Image source: Awni Hannun's blog post "Speech Recognition is not Solved"
With the recognition accuracy of ASR technology greatly improved, the application scenarios are becoming more and more popular. We believe that it is not yet the peak of commercial use of ASR, and research and market applications in this field have yet to be explored. We predict that AI voice related research and commercial systems will focus on the following five areas in the next ten years:
“Over the next decade, we will deploy truly multilingual models in production, enabling developers to build applications that anyone can understand in any language, truly unleashing the power of speech recognition to the world.”
Source: "Unsupervised cross-lingual representation learning for speech recognition" paper published by Alexis Conneau et al. in 2020
Today's commercial ASR models mainly use It is trained on the English dataset and therefore has higher accuracy on English input. There is greater long-term interest in English in academia and industry due to data availability and market demand. Although the recognition accuracy of popular commercial languages such as French, Spanish, Portuguese and German is also reasonable, there is clearly a long tail of languages with limited training data and relatively low ASR output quality.
In addition, most business systems are based on a single language, which cannot be applied to the multilingual scenarios unique to many societies. Multilingualism can take the form of back-to-back languages, such as media programming in bilingual countries. Amazon has made great strides in dealing with this problem by recently launching a product that integrates language identification (LID) and ASR. In contrast, translanguaging (also known as code-switching) is a language system used by an individual to combine words and grammar from two languages in the same sentence. This is an area where academia continues to make interesting progress.
Just as the field of natural language processing adopts a multilingual approach, we will see ASR follow suit in the next decade.

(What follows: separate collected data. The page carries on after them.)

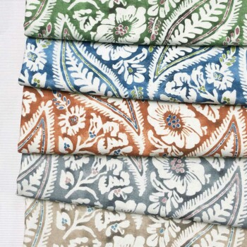 The Marvic Design Studio has its own rich archive and in creating the Antibes Collection used two original French printed designs as a starting point. The first Textile is a floral block printed onto line from the 19th century; the second a 20th century resist-dyed cotton with a stylized floral trellis. These vintage pieces underpin the fresh, youthful vivacity of Antibes leading it substance and a provenance directly connected to its French aesthetic.
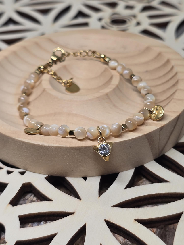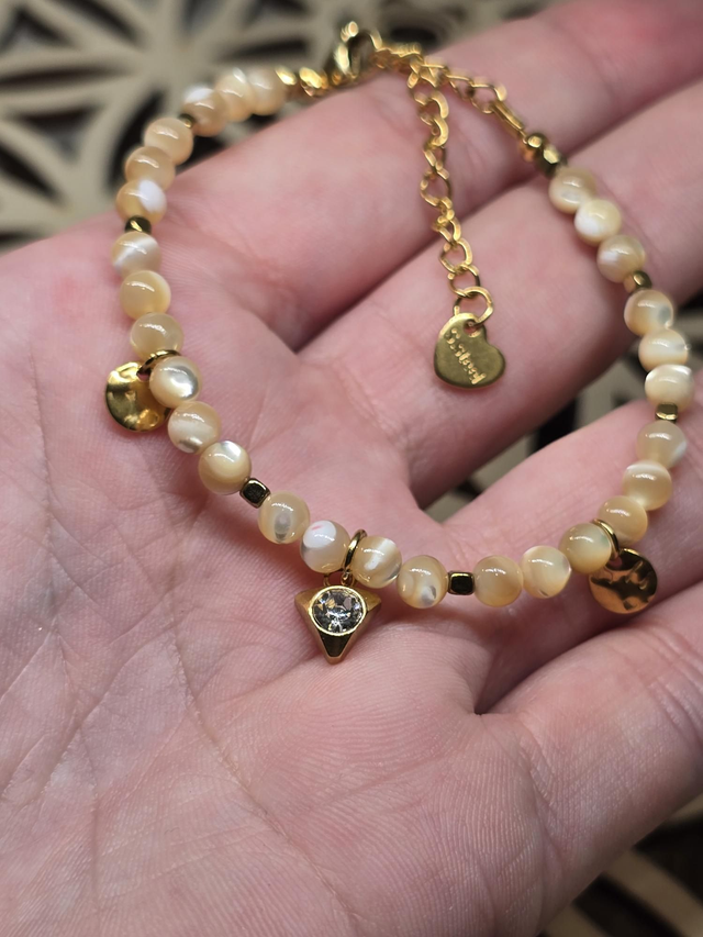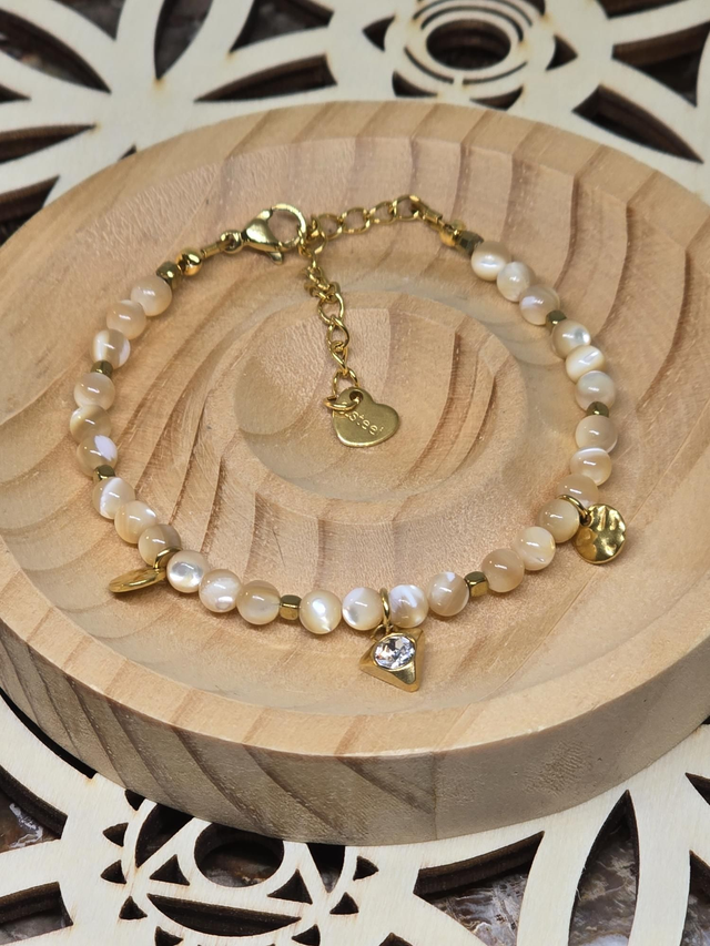 Nacre : chakra sacré (jaune). Douceur, pureté, féminité, bien-être. Polyvalente, elle possède des propriétés apaisantes, équilibrantes et protectrices. Elle rééquilibre la circulation énergétique entre le corps et l'esprit, favorisant ainsi la santé. Elle aide à accéder à la sagesse et à une meilleure maitrise de soi. Évitez le contact avec l'eau.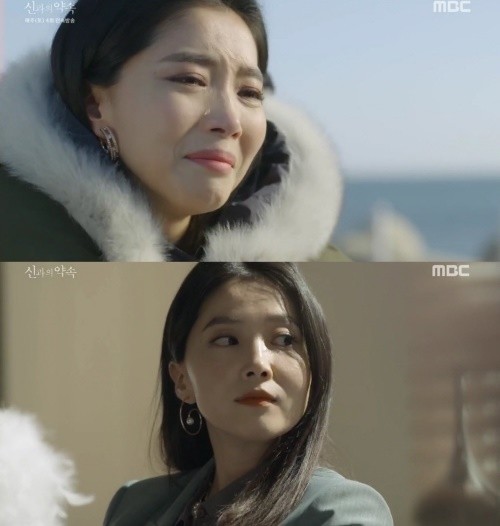 26일 방송된 MBC 토요드라마 '신과의 약속'에서는 아들 김준서(남기원 분)와 천지 그룹 내에서 본인의 입지를 지키기 위해 서지영(한채영 분)과 송민호(이천희 분)에게서 송현우(왕석현 분)의 파양 신청서를 얻어내는 우나경(오윤아 분)의 이야기가 그려졌다.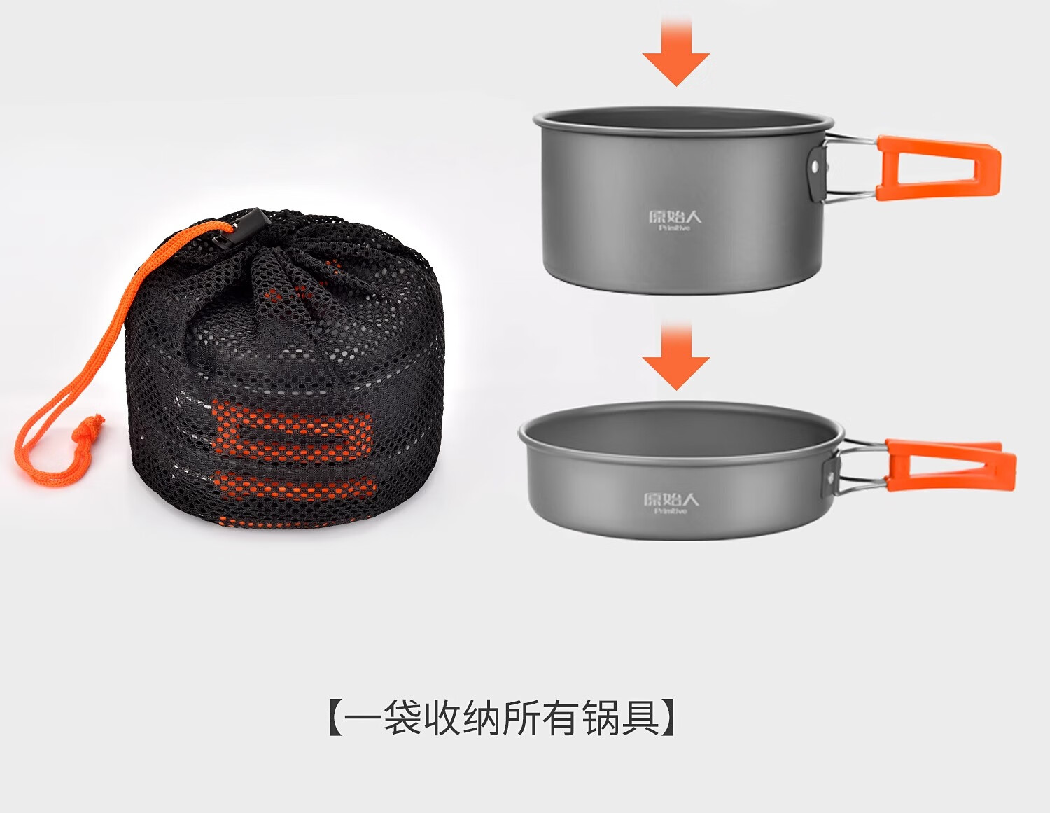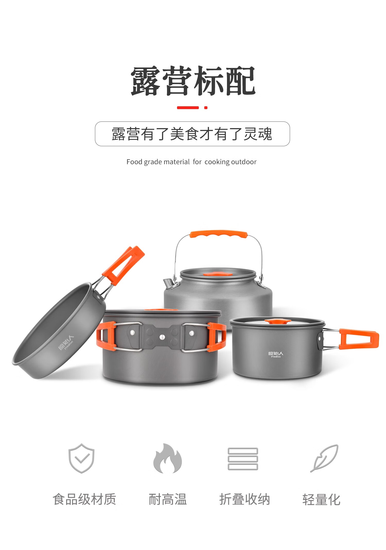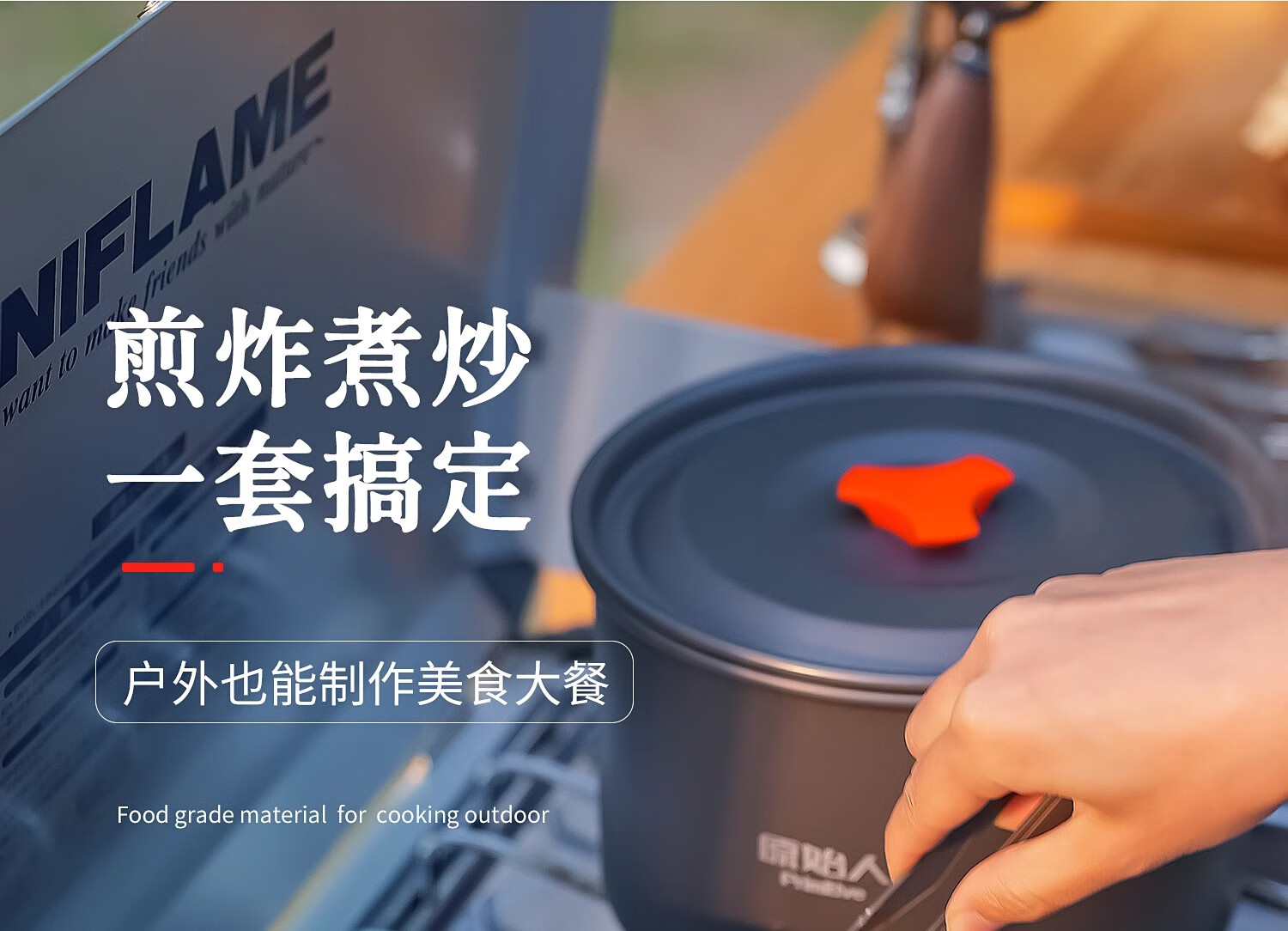 原始人户外锅具炊具露营野炊装备露营锅具便携煮锅套锅野餐锅 4L煮锅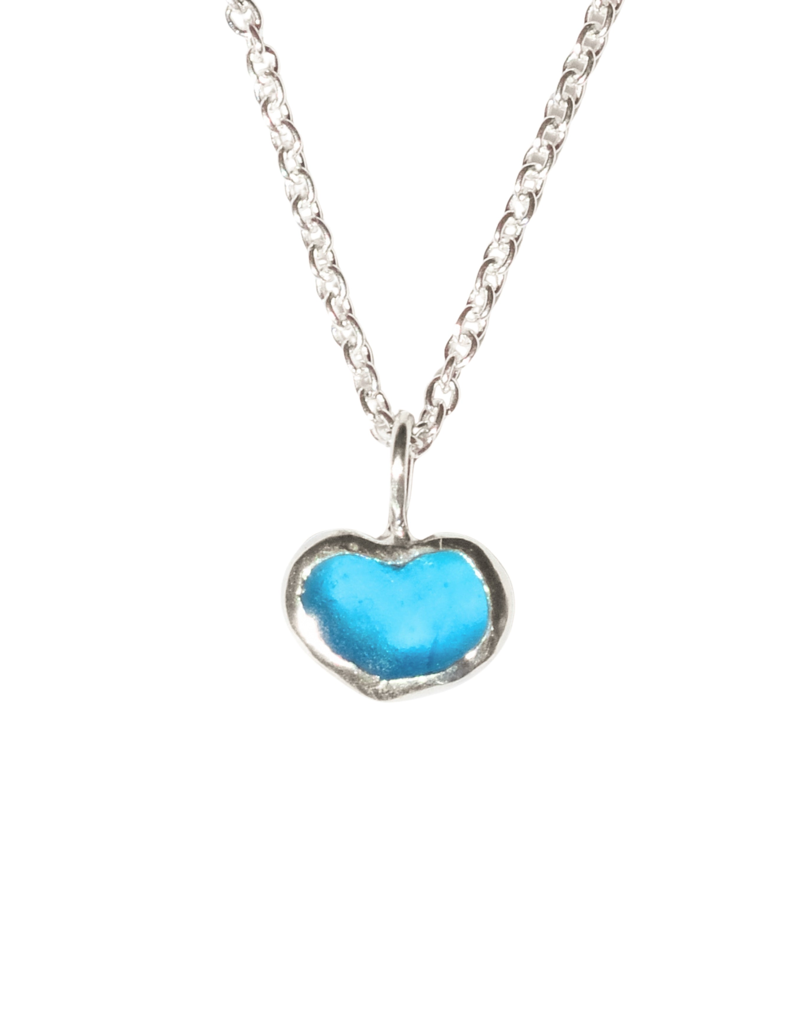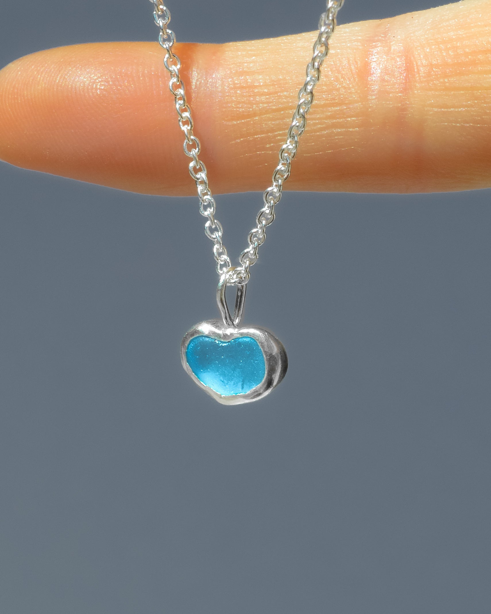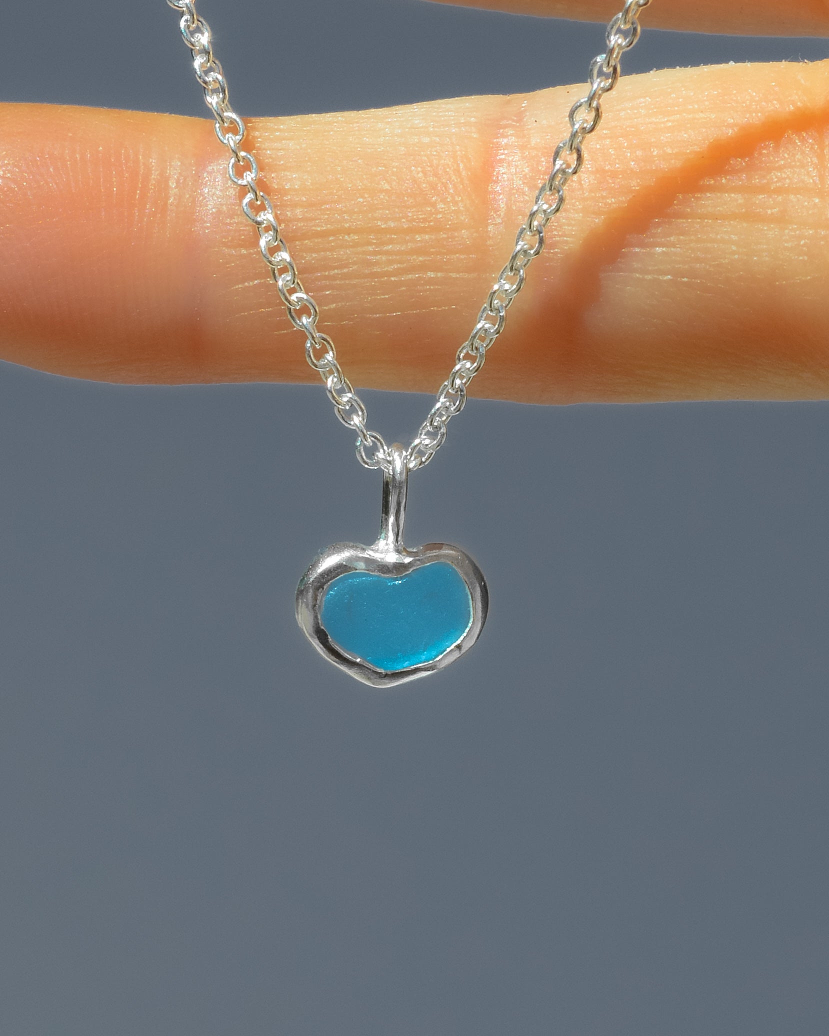 Blue Sea Glass Heart - Handmade from 925 Sterling Silver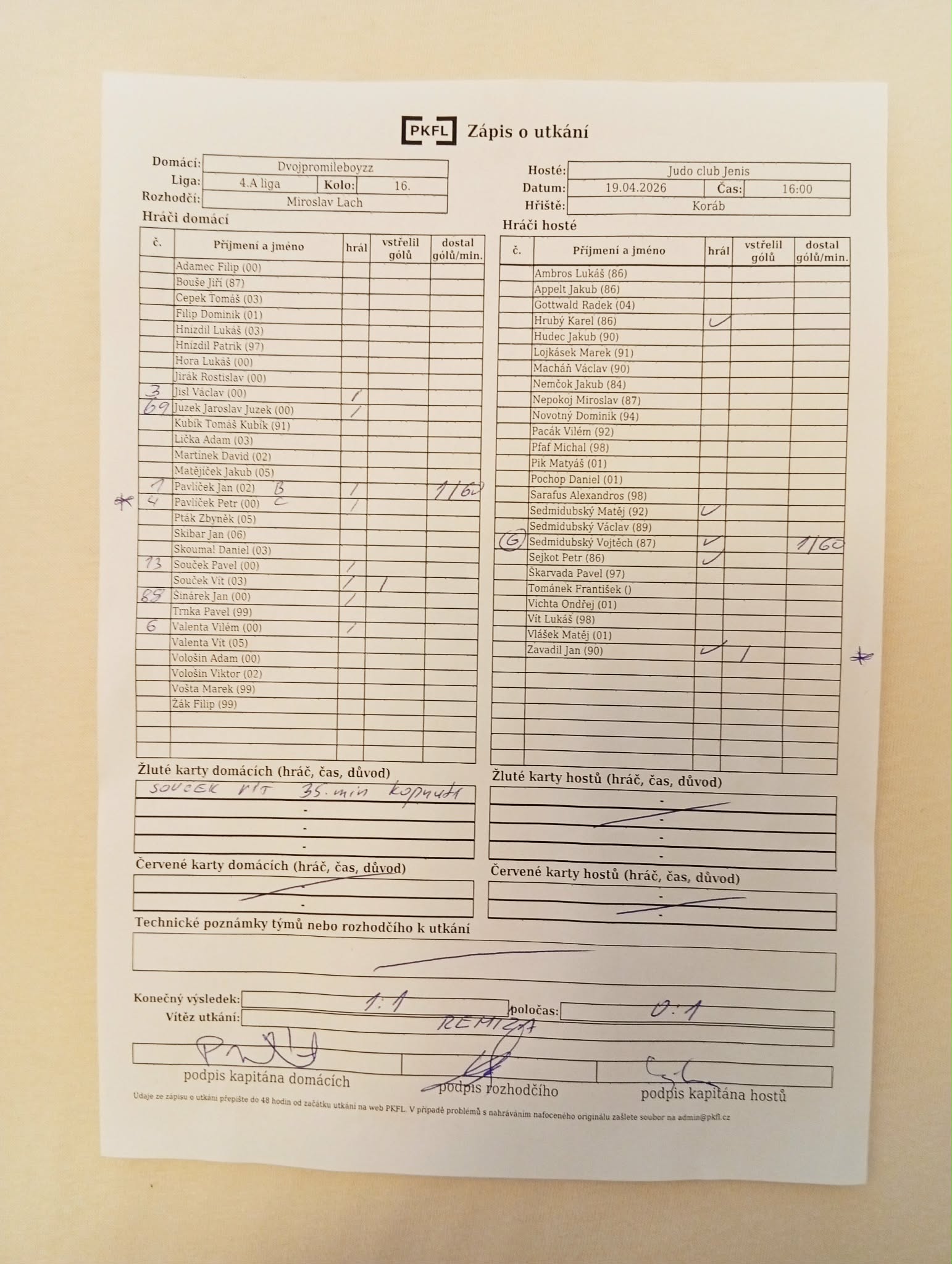 Zápis o utkání.

As we learn how to leverage emerging end-to-end technologies, we will train large-scale multilingual models that can transfer learning between multiple languages. Meta's XLS-R is a good example: in one demo, users could speak any of 21 languages without specifying a language, and the model would eventually translate to English. By understanding and applying similarities between languages, these smarter ASR systems will provide high-quality ASR availability for low-resource language and mixed-language use cases and will enable commercial-grade applications.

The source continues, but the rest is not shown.